Recent Advances in the Treatment of Eosinophilic Esophagitis

Shauna Schroeder; Dan Atkins; Glenn T Furuta


Expert Rev Clin Immunol. 2010;6(6):929-937. 

In This Article

Clinical Symptoms & Features of Eosinophilic Esophagitis

Eosinophilic esophagitis (EoE) has a spectrum of presenting symptoms, including feeding difficulties, failure to thrive, vomiting, epigastric and chest pain, dysphagia and food impactions. Clinical experience and increasing evidence suggests that these symptoms may develop chronologically. Whether this occurs because children are able to better express themselves with age or because eosinophilic inflammation leads to changes in functional phenotypes remains unclear.[1,2] For example, young infants and toddlers often present with failure to thrive and feeding difficulties.
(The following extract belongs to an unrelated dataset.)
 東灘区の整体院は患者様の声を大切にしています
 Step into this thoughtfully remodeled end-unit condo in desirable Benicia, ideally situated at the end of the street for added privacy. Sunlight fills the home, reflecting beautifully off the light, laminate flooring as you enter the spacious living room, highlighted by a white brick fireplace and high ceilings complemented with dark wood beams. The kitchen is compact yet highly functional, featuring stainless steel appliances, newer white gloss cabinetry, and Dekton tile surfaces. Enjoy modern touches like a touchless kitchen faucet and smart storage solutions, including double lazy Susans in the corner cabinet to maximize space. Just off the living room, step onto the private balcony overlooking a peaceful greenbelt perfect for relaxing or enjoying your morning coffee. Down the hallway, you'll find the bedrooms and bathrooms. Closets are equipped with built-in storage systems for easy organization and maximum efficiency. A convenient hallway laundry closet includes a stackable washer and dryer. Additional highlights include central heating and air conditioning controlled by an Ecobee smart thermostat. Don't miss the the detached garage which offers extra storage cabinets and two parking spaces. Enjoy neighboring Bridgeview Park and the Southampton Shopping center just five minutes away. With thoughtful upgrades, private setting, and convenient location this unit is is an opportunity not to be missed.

These early feeding difficulties may be manifested as food refusal, low variety intake, poor acceptance of new foods, unstructured mealtimes, holding food in the mouth, spitting food out and prolonged feeding time.[3] Preschool and school-aged patients commonly complain of abdominal pain or vomiting, whereas dysphagia is the primary complaint among adolescents. Dysphagia is often described as difficulty swallowing food, while some patients report food sticking temporarily in the throat or chest before moving into the stomach. A carefully taken history often reveals that these patients develop compensatory mechanisms such as eating slowly, taking small bites, chewing excessively, drinking after each bite or avoiding specific foods with denser textures that are problematic such as meat or bread.[4] Food impaction is the common complaint of the adolescent and adult patient populations. The food impactions can result from fixed esophageal strictures or esophageal dysmotility.[5] A prospective study investigating the natural history of EoE in a follow-up study of 30 adult patients for up to 11.5 years showed that EoE as a primary and chronic disease was restricted to the esophagus, led to persistent dysphagia and structural esophageal alterations, but did not impact the nutritional state. No malignant potential was associated with this disease. This study described 29 out of 30 patients with EoE who almost exclusively reported acute and recurrent dysphagia with impaction of solid foods.[6]